* DATA SHOWN:

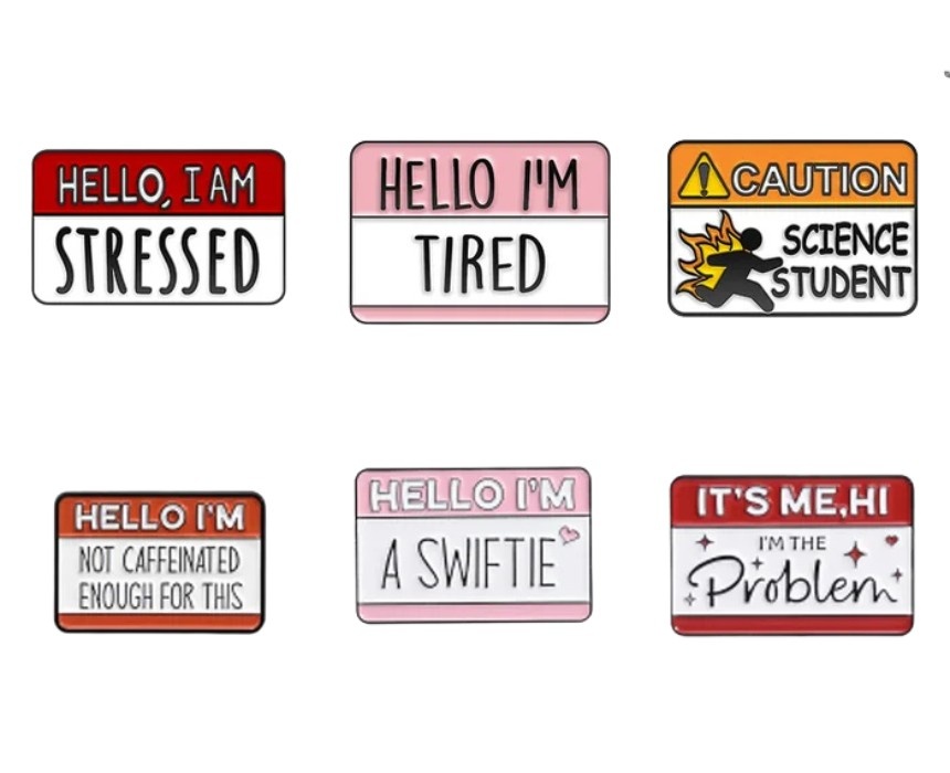 These enamel pins feature humorous sign inspired designs with a smooth polished finish and secure backing for reliable everyday wear. Crafted for durability and vibrant long lasting color, they are perfect for styling on jackets, backpacks, hats, or lanyards. Lightweight and versatile, they add a playful and expressive touch to casual outfits.
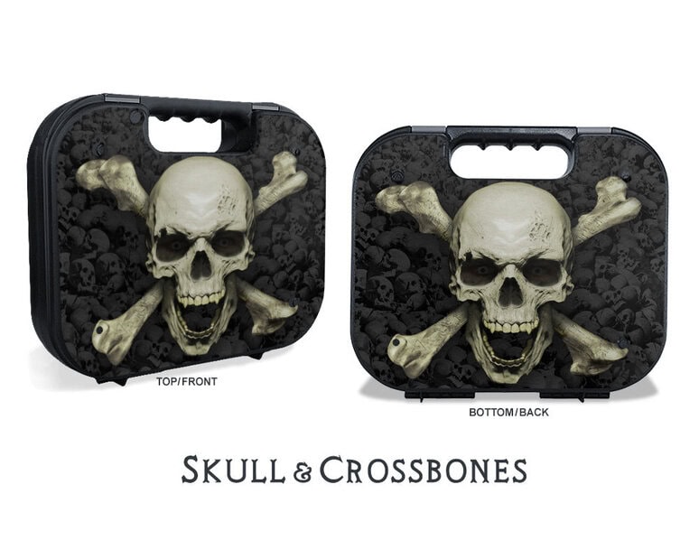 Graphics for your factory Glock case! Skull & Crossbones design by Invision Artworks. Put a custom look on your Glock case while protecting from scratches. Manufactured with specially formulated adhesive and a thick, UV protected, scratch resistant over-laminate designed to withstand harsh conditions. Easy do-it-yourself installation.
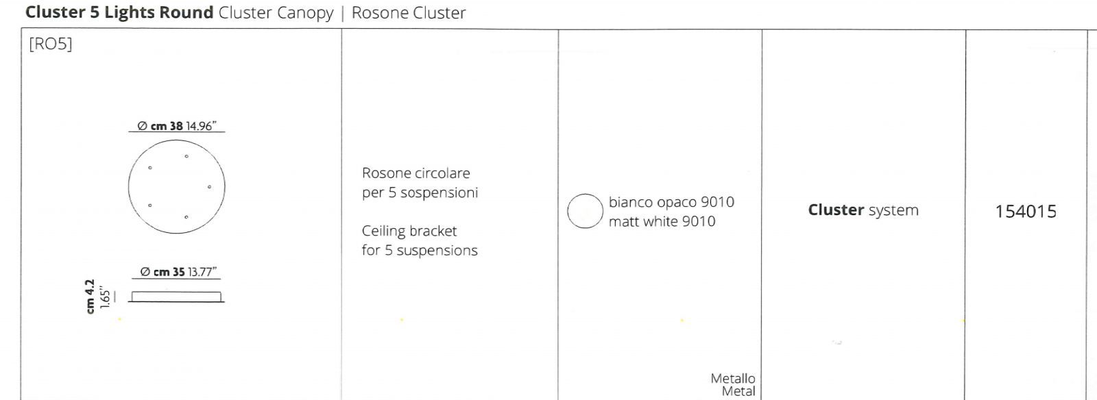 Ronde plafondbevestiging voor de compositie van 5 pendels.
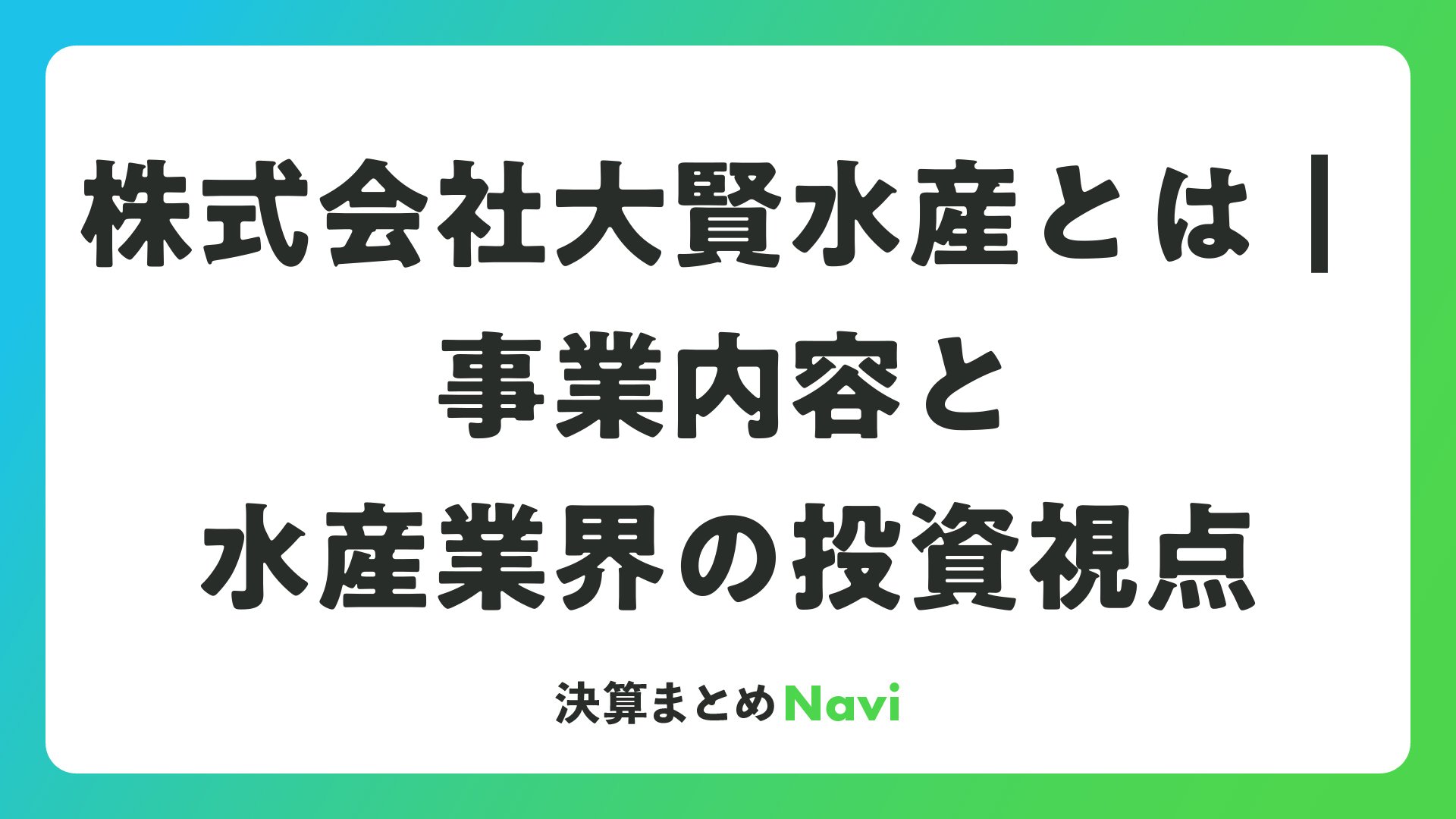 株式会社大賢水産の事業と水産業界の投資視点をまとめました

* EXERCISE:
Starting at the line that holds "Graphics for your" and stopping at the last line of the listing above, write out each line exactly as it appears, and omit the pictures.

* RESPONSE TO THIS EXERCISE:
 Graphics for your factory Glock case! Skull & Crossbones design by Invision Artworks. Put a custom look on your Glock case while protecting from scratches. Manufactured with specially formulated adhesive and a thick, UV protected, scratch resistant over-laminate designed to withstand harsh conditions. Easy do-it-yourself installation.
 Ronde plafondbevestiging voor de compositie van 5 pendels.
 株式会社大賢水産の事業と水産業界の投資視点をまとめました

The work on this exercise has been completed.